In [1]:
# Term Project : Algorithm - Regression
# 2024-05-31

import pandas as pd
import numpy as np
import matplotlib.pyplot as plt
import seaborn as sns
from sklearn.model_selection import train_test_split
from sklearn.linear_model import LinearRegression
from sklearn.ensemble import RandomForestRegressor
from sklearn.metrics import mean_squared_error, r2_score
from sklearn import tree

sns.set(style='whitegrid')

file_path = '../00_Data/Integrated_data/Integration_b.csv'
data = pd.read_csv(file_path, index_col='Date')

encoding_dict = {'negative': -1, 'normal': 0, 'weak positive': 0.5, 'positive': 1}
data['Economic growth state'] = data['Economic growth state'].map(encoding_dict)
data = data.dropna()
# 데이터 확인
print(data.head())

# 독립 변수(X)와 종속 변수(y) 설정
X = data.drop(columns=['Traffic rate'])
y = data['Traffic rate']
# # NaN이 있는 row만 선택
# rows_with_nan = data[data.isnull().any(axis=1)]

# print(rows_with_nan)

# 데이터를 학습용과 테스트용으로 분할
X_train, X_test, y_train, y_test = train_test_split(X, y, test_size=0.2, random_state=42)

########## Linear Regression

# 모델 생성 및 학습
model_linear = LinearRegression()
model_linear.fit(X_train, y_train)

# 테스트 데이터를 사용한 예측
y_pred_linear = model_linear.predict(X_test)

# print(y_pred_linear)

# 모델 성능 평가
mse_linear = mean_squared_error(y_test, y_pred_linear)
r2_linear = r2_score(y_test, y_pred_linear)

print("[Linear Regression] Mean Squared Error:", mse_linear)
print("[Linear Regression] R^2 Score:", r2_linear)

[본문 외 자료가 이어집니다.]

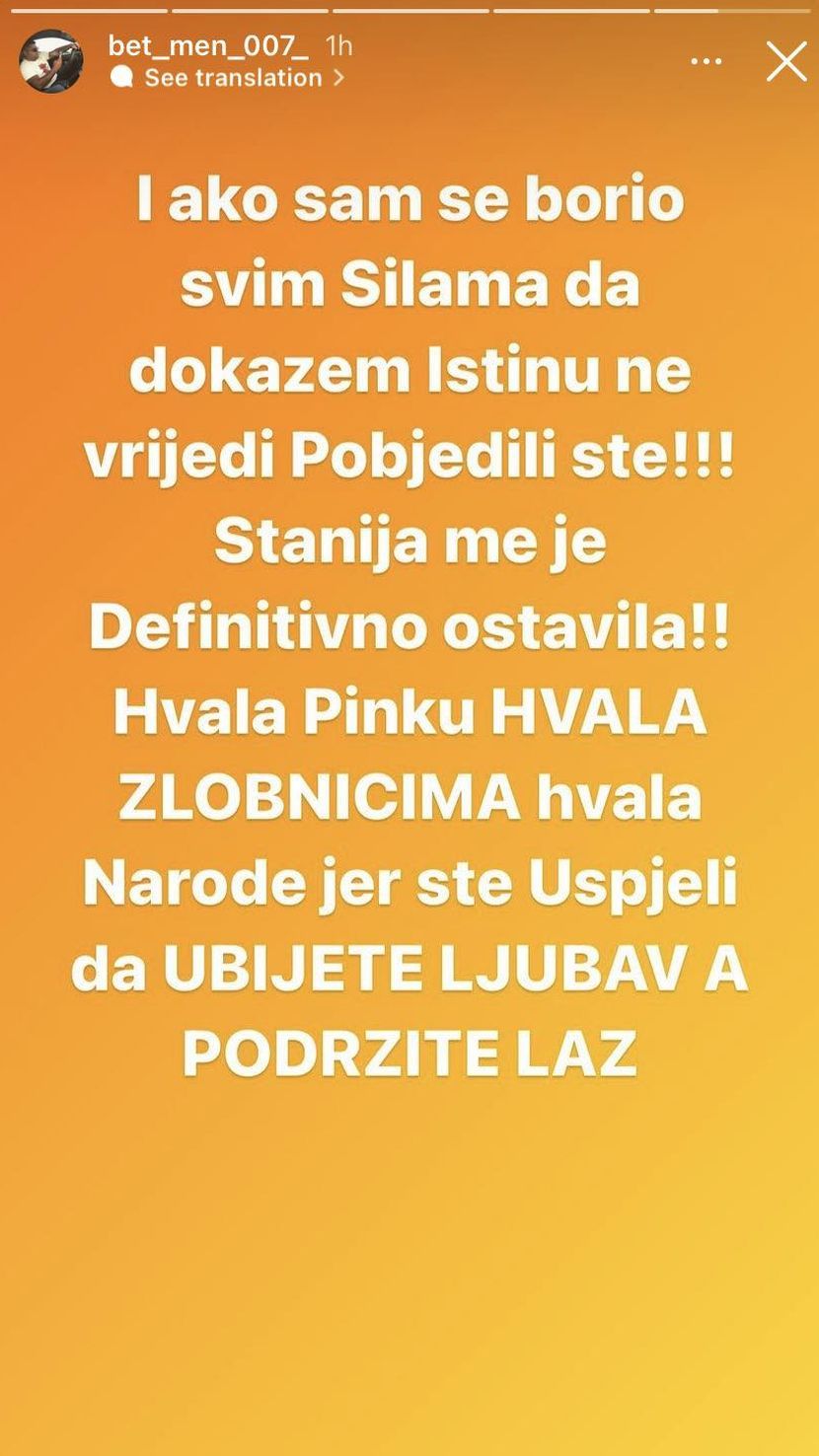 Stanija me je definitivno ostavila. Hvala svim zlobnicima, hvala narode jer ste uspjeli da ubijete ljubav, a podržite laž – napisao je bijesan i razočaran Asmin.
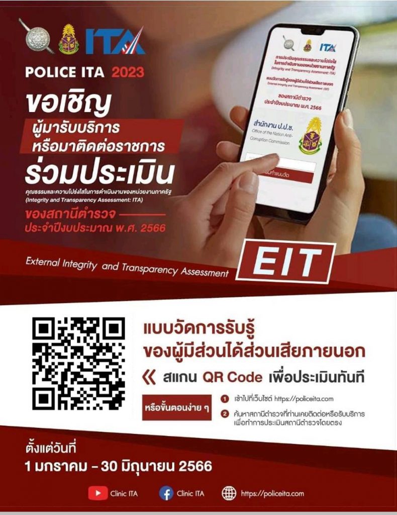 ข่าวกิจกรรม 05 27 พฤษภาคม 2565 โดย admin / ข่าวประชาสัมพันธ์,ข่าวกิจกรรม ขอเชิญผู้มารับบริการหรือมาติดต่อราชการ ร่วมประเมินคุณธรรมและความโปร่งใส ในการดำเนินงานของหน่วยงานภาครัฐ (Integrity and Transparency Assessment: ITA) Facebook iconFacebookTwitter iconTwitterLINE iconLine
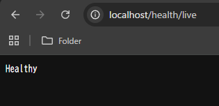 正常に起動すると、http://localhost/health/live にアクセスした時にこのような表示になります。 ZenServerのようなダッシュボードはなく、あまりにもシンプル過ぎる表示ですね…。
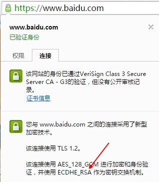 - 内容加密。浏览器到百度服务器的内容都是以加密形式传输,中间者无法直接查看原始内容。
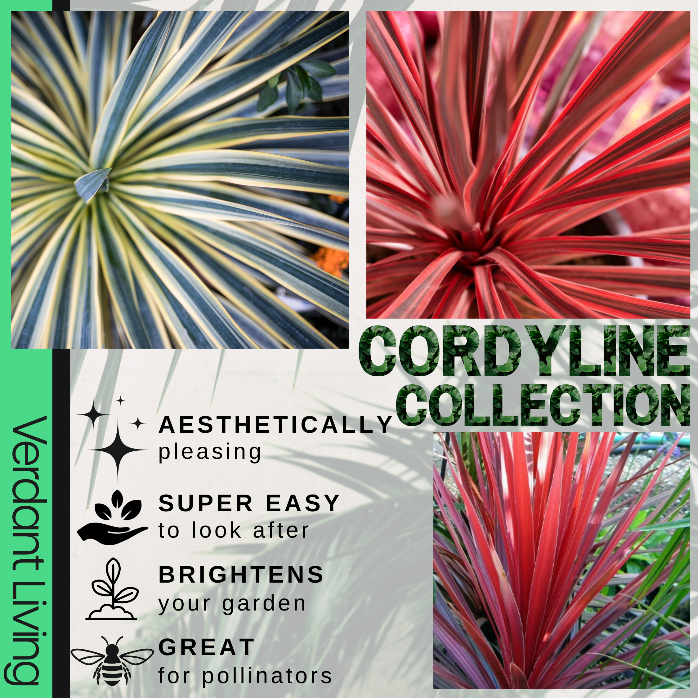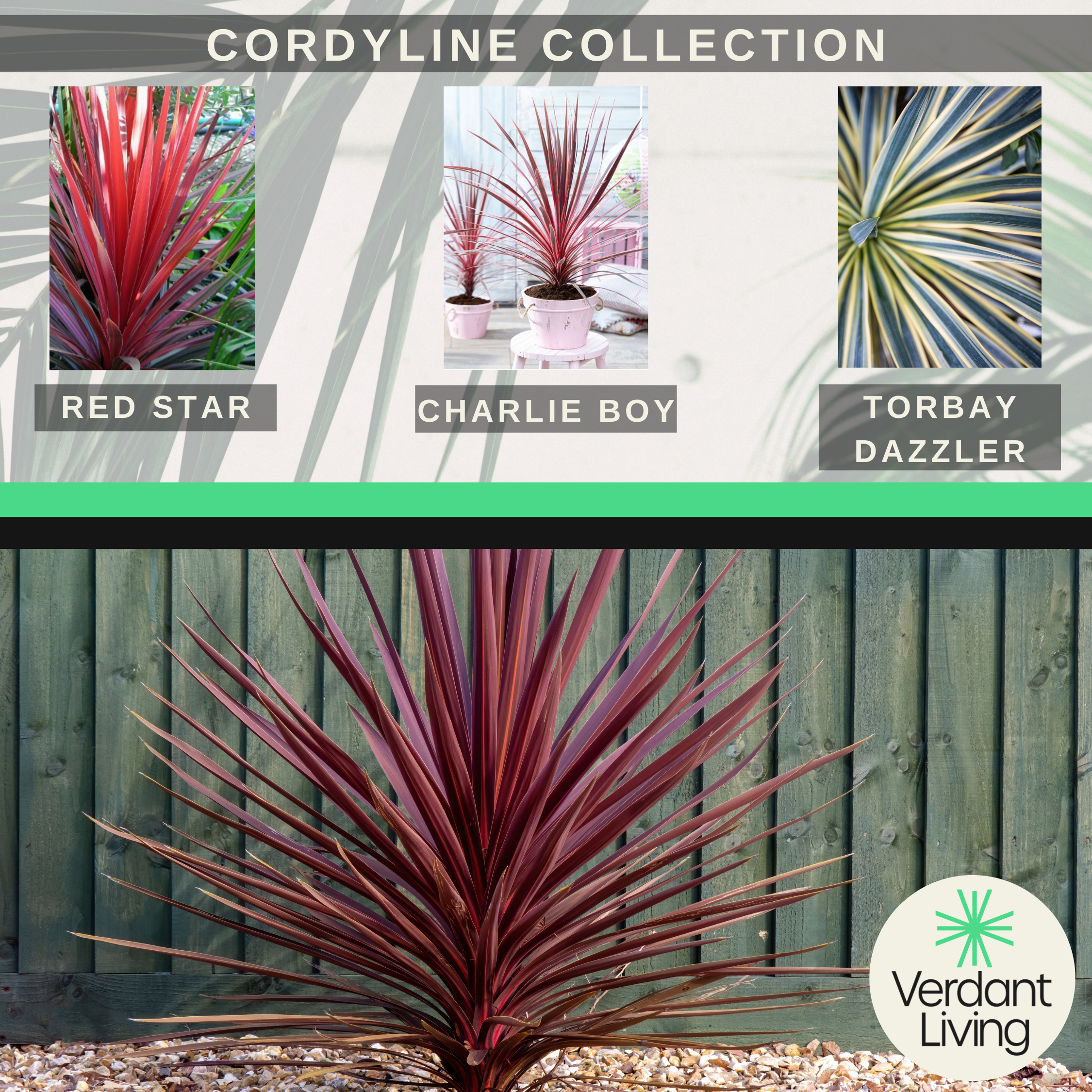 Cordyline Collection - Red Star, Charlie Boy, Torbay Dazzler
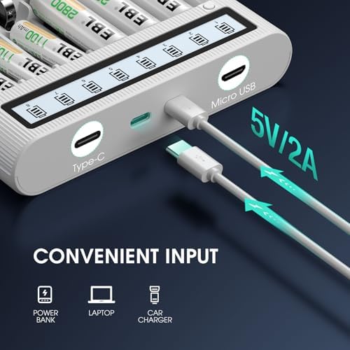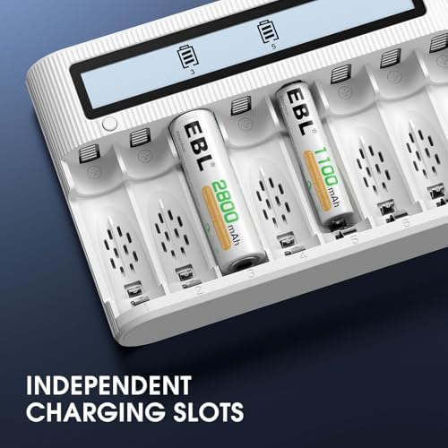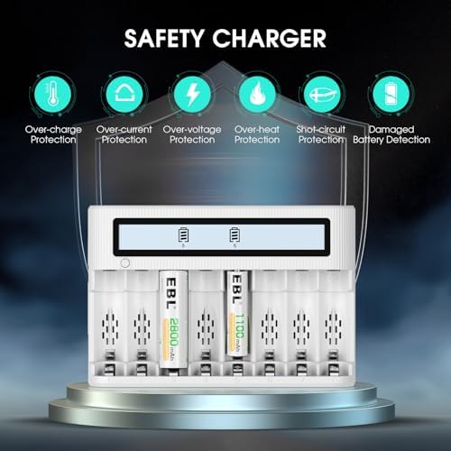 EBL 8 Bay Battery Charger with LCD Screen Fast Charging, AA AAA Battery Charger with 2800mAh NiMH AA Batteries 4pcs & 1100mAh AAA Battery 4pcs Combo
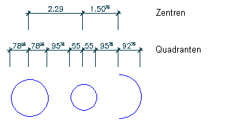 Beispiel für die Bemaßung von Kreismitten und -quadranten
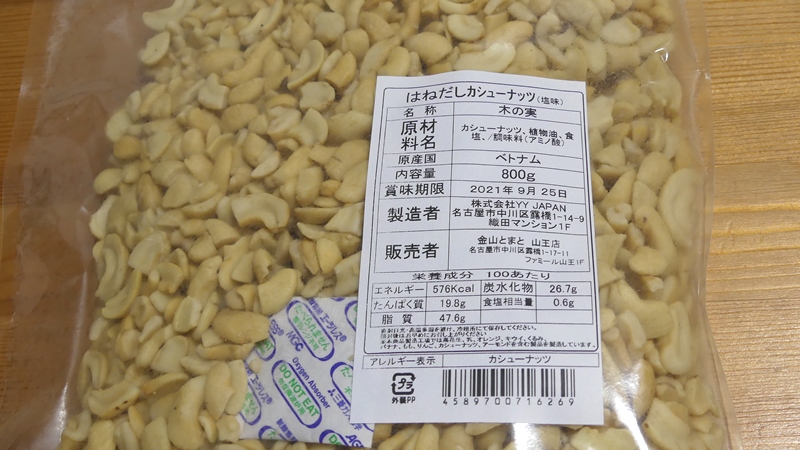 あと、ちょっと湿気を吸収してしまっているのか食感にカラッと感はありませんでした。素焼きカシューナッツに慣れていると違和感があるかもしれません。
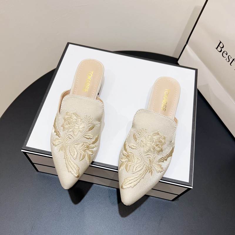 国风新中式刺绣复古2024春夏新款粗中跟尖头包头外穿穆勒半拖鞋女
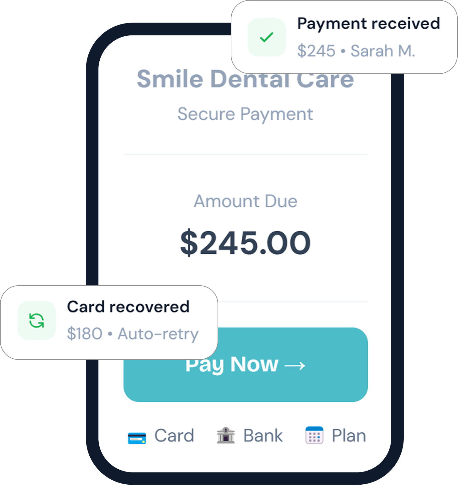 Offer flexible installment plans automatically. Patients pay on schedule, you collect more — everyone wins.
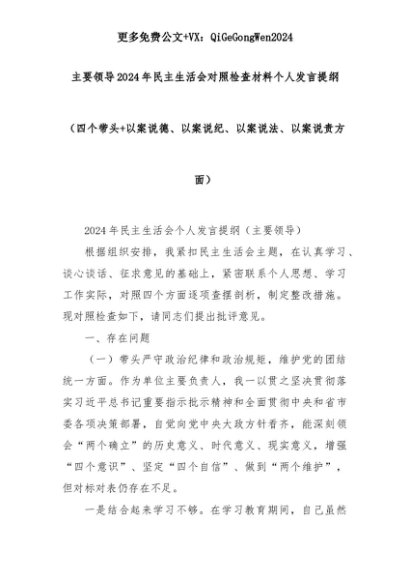 【七哥公文】2025年:主要领导2024年民主生活会对照检查材料个人发言提纲(四个带头+以案说德、以案说纪、以案说法、以案说责方面)+更多免费公文+VX:QiGeGongWen2024+更多免费公文+VX:QiGeGongWen2024
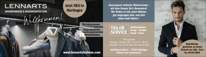In der Apothekerstraße 2 in Nürtingen eröffnet LENNARTS Männermode.
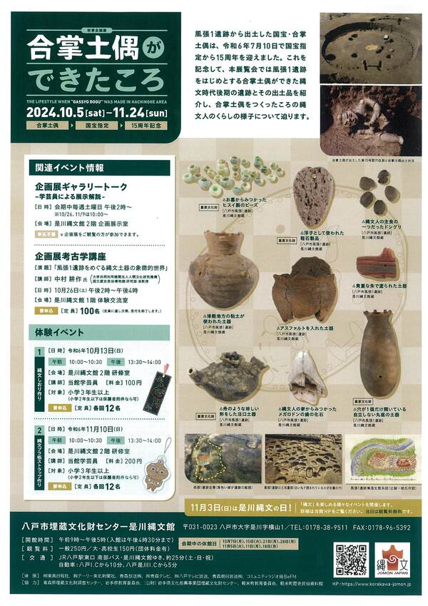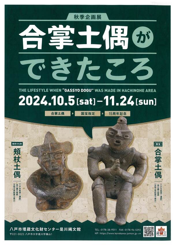 10月5日(土)~11月24日(日)の期間、「是川縄文館」では、「国宝 合掌土偶」が国宝指定されてから、今年の7月10日に15周年を迎えたことを記念して、「秋季企画展 合掌土偶ができたころ」を開催しています。
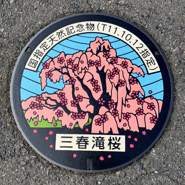 2022年10月福島県三春町(撮影:琴人氏) 勝手に応援している琴人氏から 氏在住の町のマンホールの写真をいただきました。 大正11年10月に国の天然記念物に指定されたのですね。 大正11年=1922年ちょうど100年前です。 私は近隣市町村の出身なのですが、 滝桜の花の季節に見に行ったことがありません。 花のない滝桜は何度か見たことがありますが、 花がなくても圧巻でした。
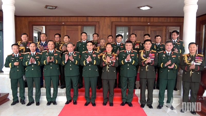 ທ່ານພົນເອກ ຟານວັນຢາງ, ທ່ານພົນໂທ ຄຳລຽງ ອຸທະໄກສອນ ແລະບັນດາຜູ້ແທນທີ່ການພົບປະ. ພາບ: qdnd.vn |
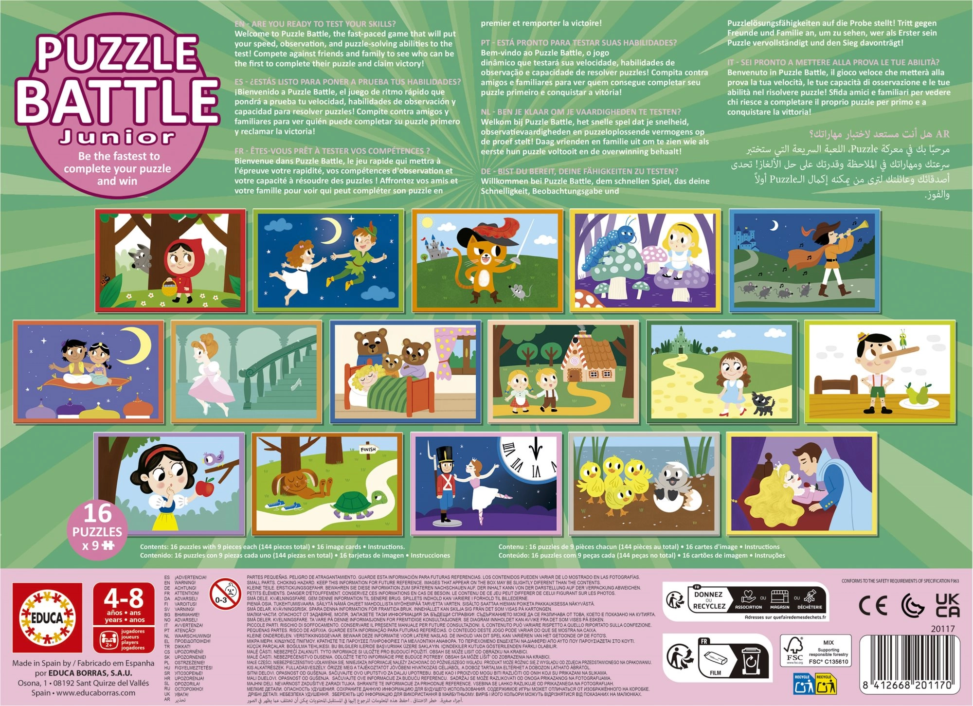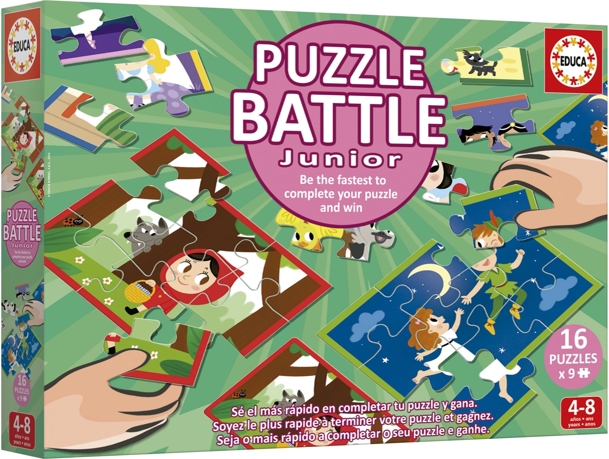 Doživite napetu puzzle bitku s linijom Educa – brzo slaganje, zabava i učenje u jednom. Set sadrži 16 mini slagalica od 9 dijelova i 16 kartica s predlošcima, idealno za dvoboje s prijateljima ili obitelji. Podržava koordinaciju oko–ruka, brzinu, strpljenje i zapažanje.
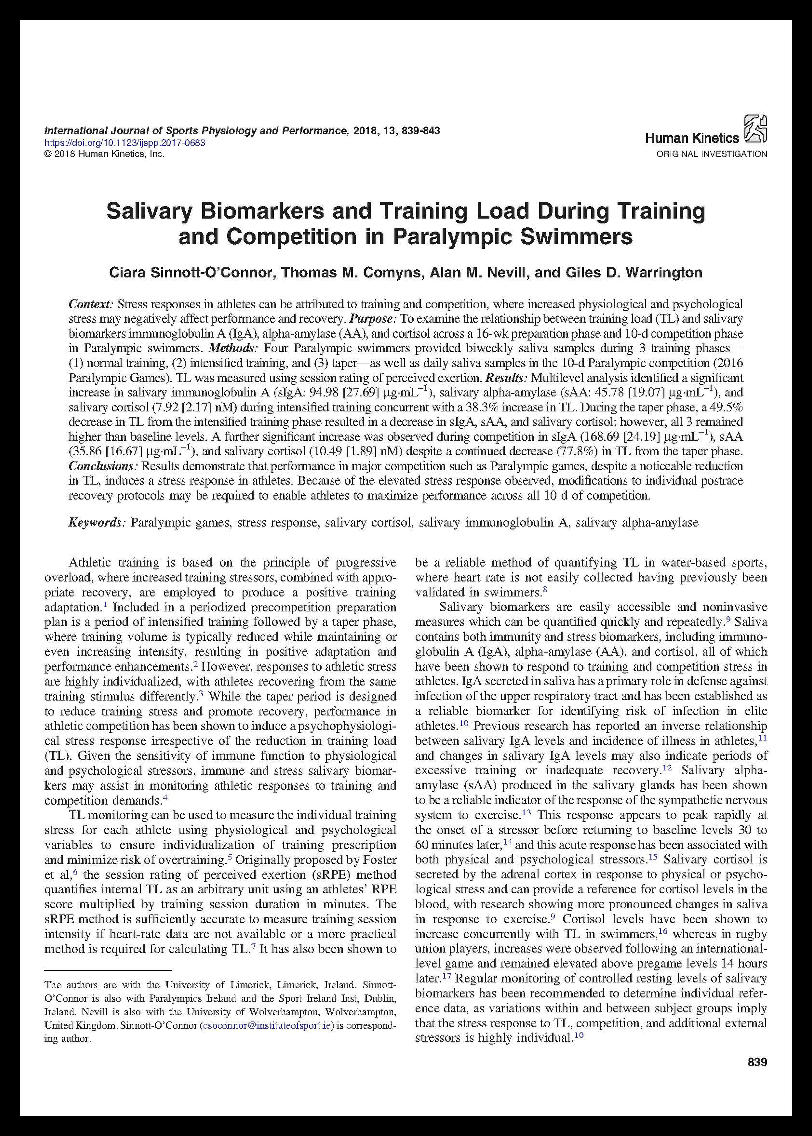 Sinnott-O’Connor, C., Comyns, T.M., Nevill, A.M. and Warrington, G.D., 2018. Salivary Biomarkers and Training Load During Training and Competition in Paralympic Swimmers. International journal of sports physiology and performance, 13(7), pp.839-843. DOI: 10.1123/ijspp.2017-0683

########## Visualize - Linear Regression

# 시각화
plt.figure(figsize=(14, 6))

# 산점도: 실제 값 vs 예측 값
plt.subplot(1, 2, 1)
plt.scatter(y_test, y_pred_linear, alpha=0.5)
plt.xlabel("Actual Traffic rate")
plt.ylabel("Predicted Traffic rate")
plt.title("[Linear Regression] Actual vs Predicted Traffic rate")
plt.plot([min(y_test), max(y_test)], [min(y_test), max(y_test)], color='red')

# 잔차 플롯
plt.subplot(1, 2, 2)
residuals_linear = y_test - y_pred_linear
plt.scatter(y_pred_linear, residuals_linear, alpha=0.5)
plt.xlabel("Predicted Traffic rate")
plt.ylabel("Residuals")
plt.title("[Linear Regression] Residuals Plot")
plt.axhline(0, color='red', linestyle='--')

plt.tight_layout()
plt.show()


############## Random Forest Regression (Ensemble method)

model_randomForest = RandomForestRegressor(n_estimators=100, random_state=42)
model_randomForest.fit(X_train, y_train)

y_pred_randomForest = model_randomForest.predict(X_test)

importances = model_randomForest.feature_importances_
names = model_randomForest.feature_names_in_

print(importances)
print(names)
estimator_list = model_randomForest.estimators_
# 피처(Feature) 중요도 시각화
sns.barplot(x=names , y=importances)
plt.title('[Random Forest] Feature Importance')
plt.show()

plt.figure(figsize=(20,20))
# tree.plot_tree(model_randomForest.estimators_[0], feature_names=X.columns, filled=True)

# 모델 성능 평가
mse_randomForest = mean_squared_error(y_test, y_pred_randomForest)
r2_randomForest = r2_score(y_test, y_pred_randomForest)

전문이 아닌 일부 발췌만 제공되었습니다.